Combs played on four pennant-winning teams and three World Series champions, in 1927, 1928, and 1932. The 1932 Yankees, now managed by Joe McCarthy after Huggins's death in 1929, swept the Chicago Cubs in four games. Combs was a quiet, modest presence on rosters dominated by larger personalities, and his teammates respected him for the professionalism and consistency he brought to the ballpark every day. Huggins reportedly said that if he could have a team full of players like Combs, he would never lose a night's sleep, because Combs never caused trouble and always gave everything he had.

The Wall

On July 24, 1934, Combs crashed into the outfield wall at Sportsman's Park in St. Louis while chasing a fly ball. He fractured his skull, broke his shoulder, and injured his knee, a combination of injuries severe enough that his life was initially in danger. He was 35 years old. He spent weeks recovering and attempted a comeback in 1935, appearing in 89 games, but he broke his collarbone during the season and could not sustain the level of play he had maintained for a decade.
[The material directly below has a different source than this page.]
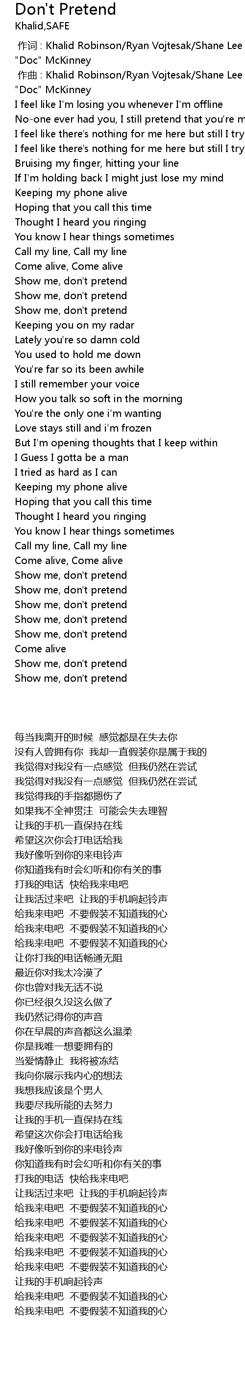 | [00:01.000] | zuo qu : Khalid Robinson Ryan Vojtesak Shane Lee Lindstrom Martin " Doc" McKinney |

He retired after the 1935 season with no bitterness and no public complaints about the injury that had ended his career prematurely.

His career totals included a .325 batting average, 1,866 hits, 154 triples, and 632 RBI across 12 seasons. The triples total reflected his speed and his willingness to run hard on every ball he hit, qualities that served him throughout his career until the wall in St. Louis took them away.

Coaching

Combs returned to baseball as a coach after his playing career ended. He worked on the staffs of the Yankees, St. Louis Browns, Boston Red Sox, and Philadelphia Phillies across more than a decade of coaching, passing along the knowledge he had accumulated during the dynasty years. He coached Bill Dickey and other catchers as a first-base coach for the Yankees and helped develop younger players across every organization he joined.

He returned to Kentucky after leaving coaching and lived quietly in Richmond for the rest of his life. He died on July 21, 1976, at age 77. The Veterans Committee had elected him to the Hall of Fame six years earlier, honoring the center fielder who had batted in front of Ruth and Gehrig and never once let the opportunity go to waste.